- **PROBLEM TO WORK ON**
Would you please repeat, word for word, only the lines from the one holding "Илл. 4. Исходное" through the one holding "茶道具 掛軸 掛け軸 骨董品" in the material below, without the pictures?

- **MATERIAL FOR THIS EXERCISE**

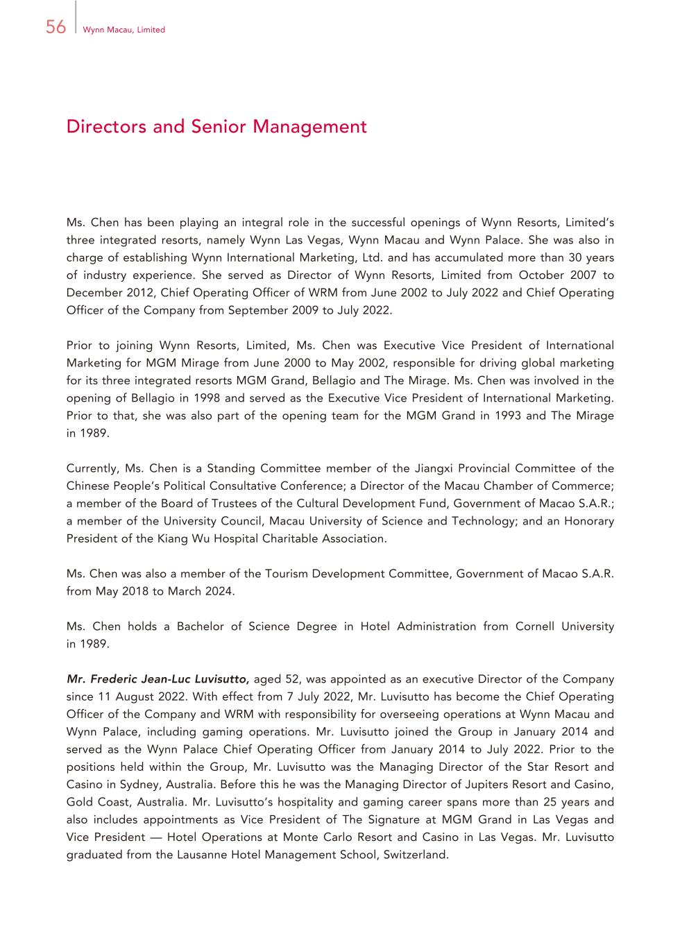 56 Wynn Macau, Limited Directors and Senior Management Ms. Chen has been playing an integral role in the successful openings of Wynn Resorts, Limited’s three integrated resorts, namely Wynn Las Vegas, Wynn Macau and Wynn Palace. She was also in charge of establishing Wynn International Marketing, Ltd. and has accumulated more than 30 years of industry experience. She served as Director of Wynn Resorts, Limited from October 2007 to December 2012, Chief Operating Officer of WRM from June 2002 to July 2022 and Chief Operating Officer of the Company from September 2009 to July 2022. Prior to joining Wynn Resorts, Limited, Ms. Chen was Executive Vice President of International Marketing for MGM Mirage from June 2000 to May 2002, responsible for driving global marketing for its three integrated resorts MGM Grand, Bellagio and The Mirage. Ms. Chen was involved in the opening of Bellagio in 1998 and served as the Executive Vice President of International Marketing. Prior to that, she was also part of the opening team for the MGM Grand in 1993 and The Mirage in 1989. Currently, Ms. Chen is a Standing Committee member of the Jiangxi Provincial Committee of the Chinese People’s Political Consultative Conference; a Director of the Macau Chamber of Commerce; a member of the Board of Trustees of the Cultural Development Fund, Government of Macao S.A.R.; a member of the University Council, Macau University of Science and Technology; and an Honorary President of the Kiang Wu Hospital Charitable Association. Ms. Chen was also a member of the Tourism Development Committee, Government of Macao S.A.R. from May 2018 to March 2024. Ms. Chen holds a Bachelor of Science Degree in Hotel Administration from Cornell University in 1989. Mr. Frederic Jean-Luc Luvisutto, aged 52, was appointed as an executive Director of the Company since 11 August 2022. With effect from 7 July 2022, Mr. Luvisutto has become the Chief Operating Officer of the Company and WRM with responsibility for overseeing operations at Wynn Macau and Wynn Palace, including gaming operations. Mr. Luvisutto joined the Group in January 2014 and served as the Wynn Palace Chief Operating Officer from January 2014 to July 2022. Prior to the positions held within the Group, Mr. Luvisutto was the Managing Director of the Star Resort and Casino in Sydney, Australia. Before this he was the Managing Director of Jupiters Resort and Casino, Gold Coast, Australia. Mr. Luvisutto’s hospitality and gaming career spans more than 25 years and also includes appointments as Vice President of The Signature at MGM Grand in Las Vegas and Vice President — Hotel Operations at Monte Carlo Resort and Casino in Las Vegas. Mr. Luvisutto graduated from the Lausanne Hotel Management School, Switzerland.
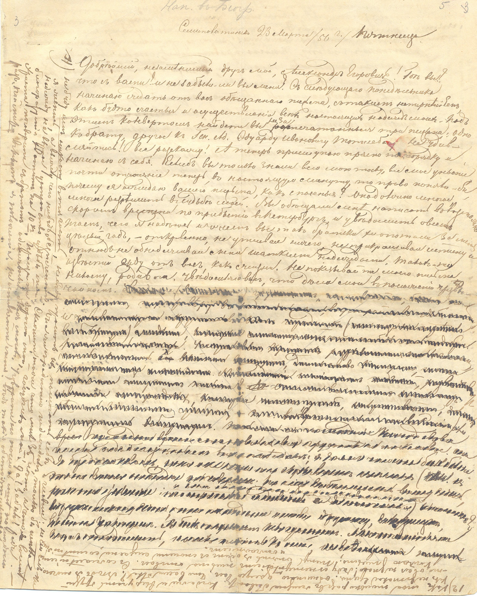 Илл. 4. Исходное изображение страницы письма Ф. М. Достоевского к А. Е. Врангелю от 23 марта 1856 г. (НИОР РГБ. Ф. 93. Разд. I. Карт. 6. Ед. хр. 5. Л. 5)
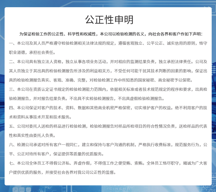 簽訂合同后,常規7個工作日內出具報告,可申請4個工作日及2個工作日出具報告客戶可以參與整個采樣和測試過程,可以申請對整個采樣和測試過程進行拍照,并提供照片免費提供技術咨詢。
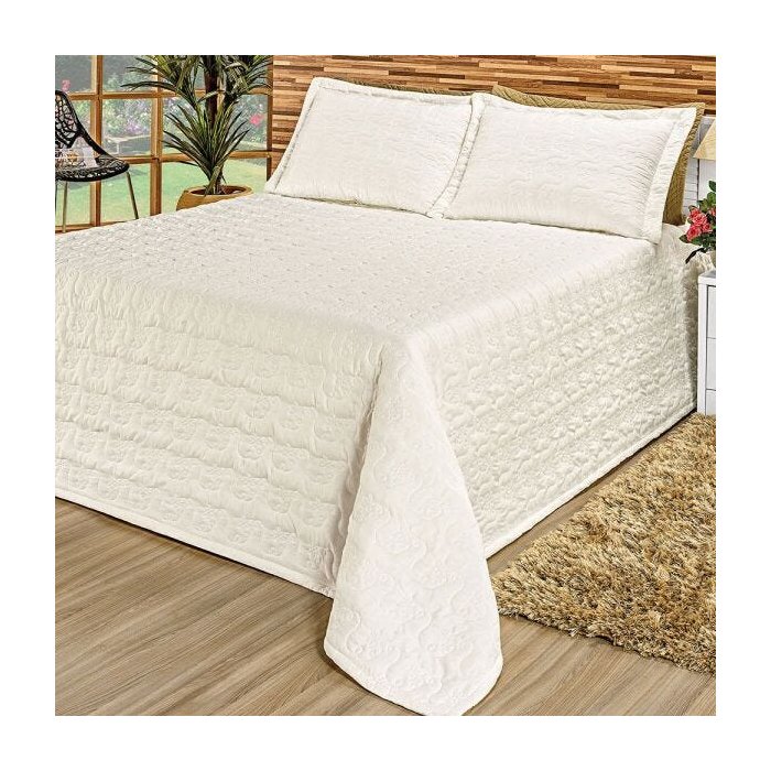 Conteúdo da Embalagem: 01 Cobre Leito 2,75m x 2,60m, 02 Porta Travesseiros 80cm x 55cm (medida útil 70cm x 50cm). Composição: Tecido Superior: 100% Poliéster. Tecido Inferior: 67% Poliéster / 33% Algodão. Enchimento: 100% Poliéster. Cor: Palha.
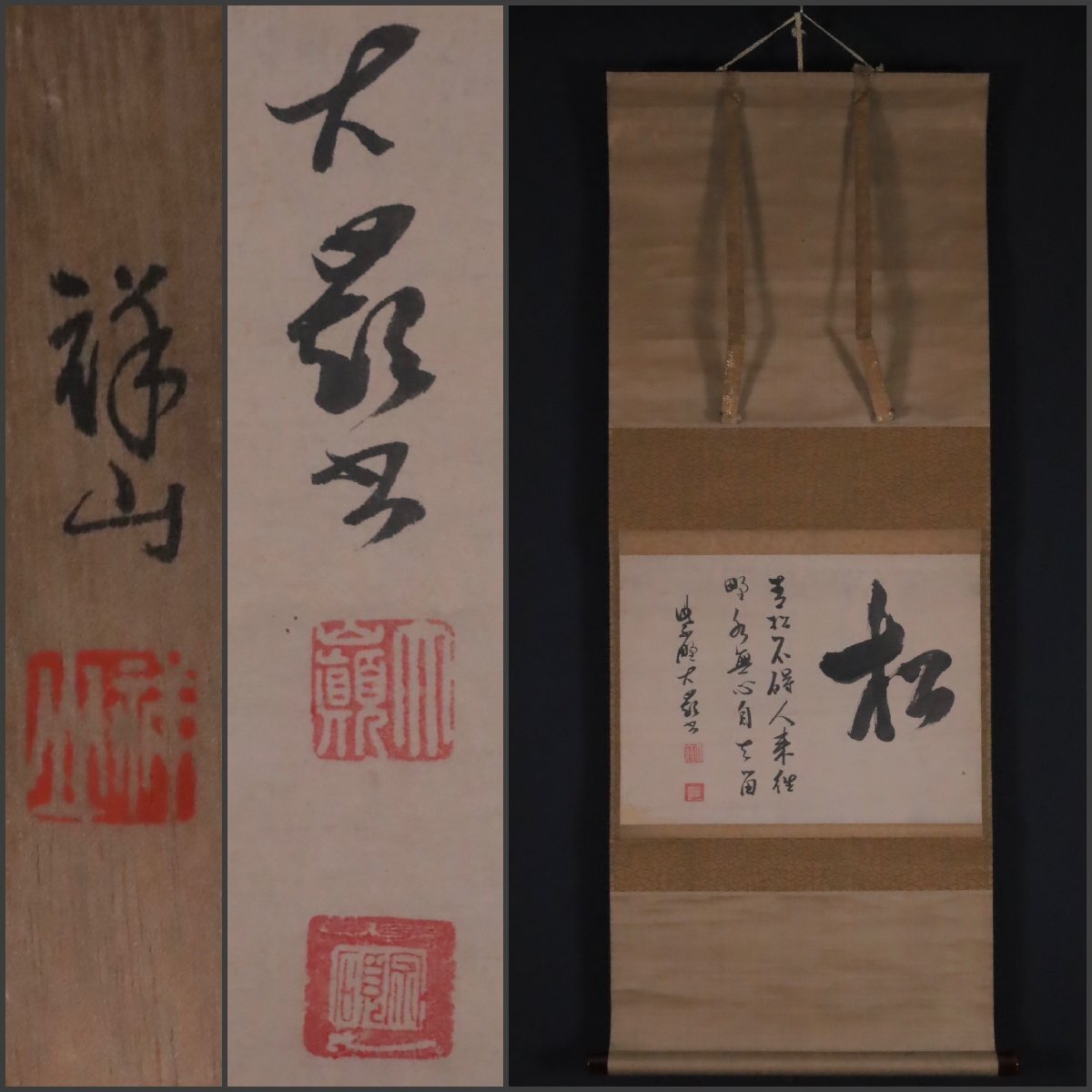 【模写】吉】11868 大巓宗碩 書 祥山極箱 月船禅慧師事 松平不昧修禅 臨済宗 仏教 墨蹟 茶掛け 茶道具 掛軸 掛け軸 骨董品
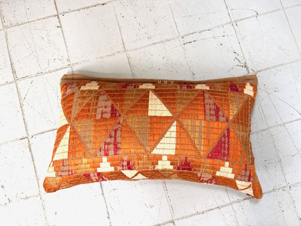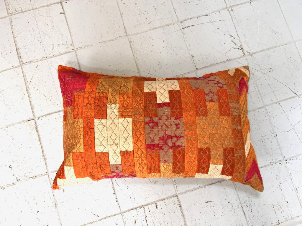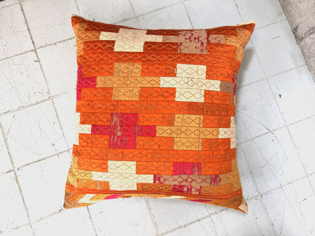Back by popular request, we have managed to get Claire to squeeze three more of these wonderful scatter cushions from her remaining vintage fabric. The two rectangular have the same fabric on both sides of the cushion and the square has this lovely linen backing. The hand stitched geometric design is made from hot pink and variations of orange silk thread, this stunning set of cushions has been made from antique fabric from Asia. The cushions would be ideal on a bed or dressing a sofa in a sitting room.
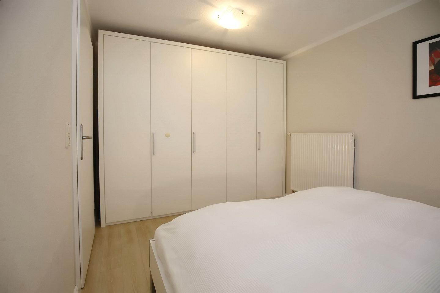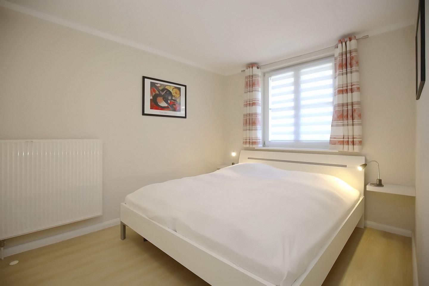 Das Schlafzimmer ist mit einem Doppelbett (180 x 200 cm) und einem großen Kleiderschrank eingerichtet. Hier befindet sich auch ein Reisebett für die kleinen Gäste. Zur Verdunklung gibt es eine Jalousie am Fenster.
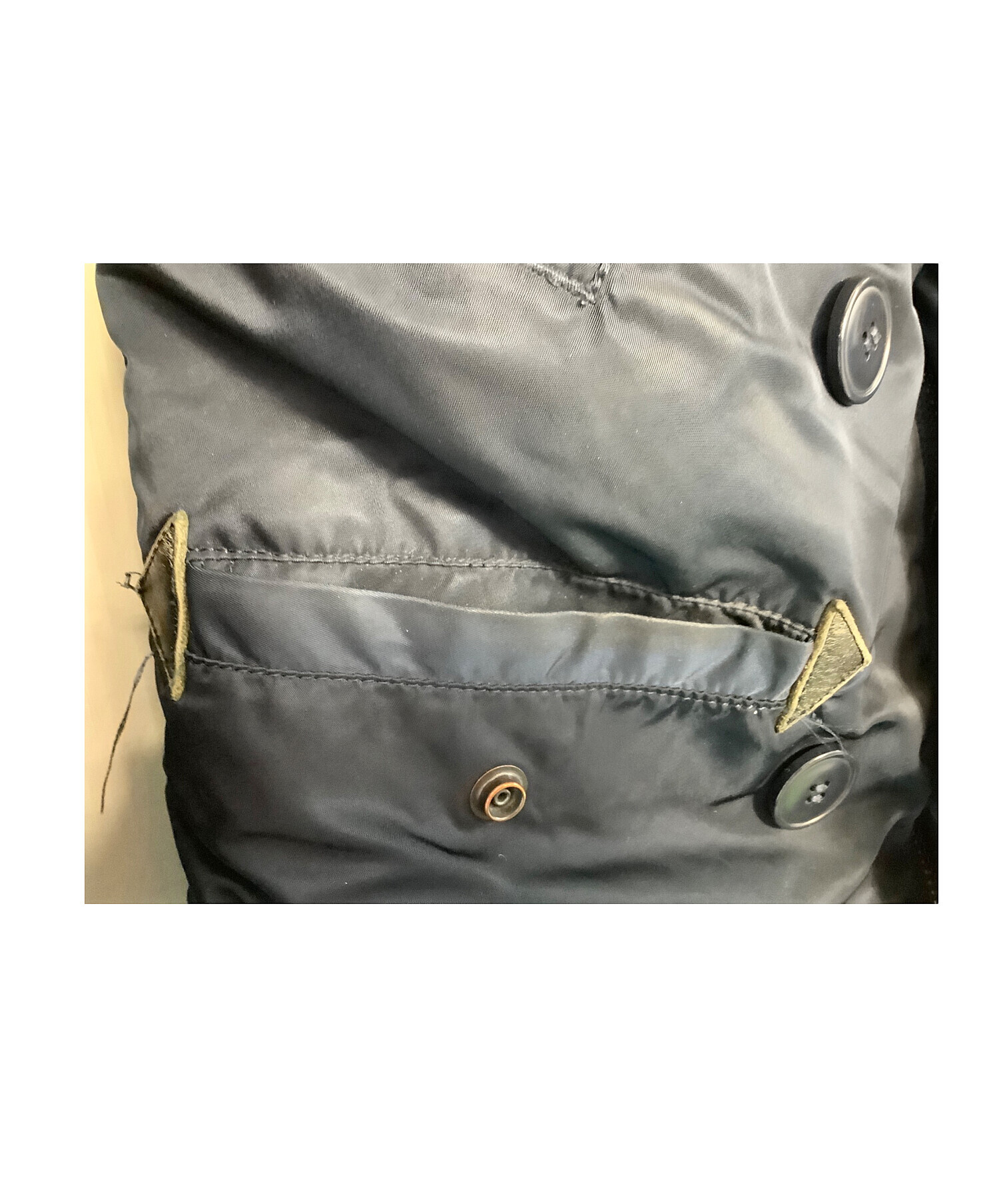 目立つシミや汚れ、におい等がある場合は商品画像や説明文にて極力表記させていただいておりますが、中古品という商品の特性上、全ての瑕疵や不備、洋服直し箇所を撮影・記載をすることは難しくなっております。また、ほとんどのアイテムは店頭と併売しておりますため、出品掲載時からコンディションが変動している場合もございます。あらかじめご了承くださいませ。

- **ANSWER FOR THIS EXERCISE**
 Илл. 4. Исходное изображение страницы письма Ф. М. Достоевского к А. Е. Врангелю от 23 марта 1856 г. (НИОР РГБ. Ф. 93. Разд. I. Карт. 6. Ед. хр. 5. Л. 5)
 簽訂合同后,常規7個工作日內出具報告,可申請4個工作日及2個工作日出具報告客戶可以參與整個采樣和測試過程,可以申請對整個采樣和測試過程進行拍照,并提供照片免費提供技術咨詢。
 Conteúdo da Embalagem: 01 Cobre Leito 2,75m x 2,60m, 02 Porta Travesseiros 80cm x 55cm (medida útil 70cm x 50cm). Composição: Tecido Superior: 100% Poliéster. Tecido Inferior: 67% Poliéster / 33% Algodão. Enchimento: 100% Poliéster. Cor: Palha.
 【模写】吉】11868 大巓宗碩 書 祥山極箱 月船禅慧師事 松平不昧修禅 臨済宗 仏教 墨蹟 茶掛け 茶道具 掛軸 掛け軸 骨董品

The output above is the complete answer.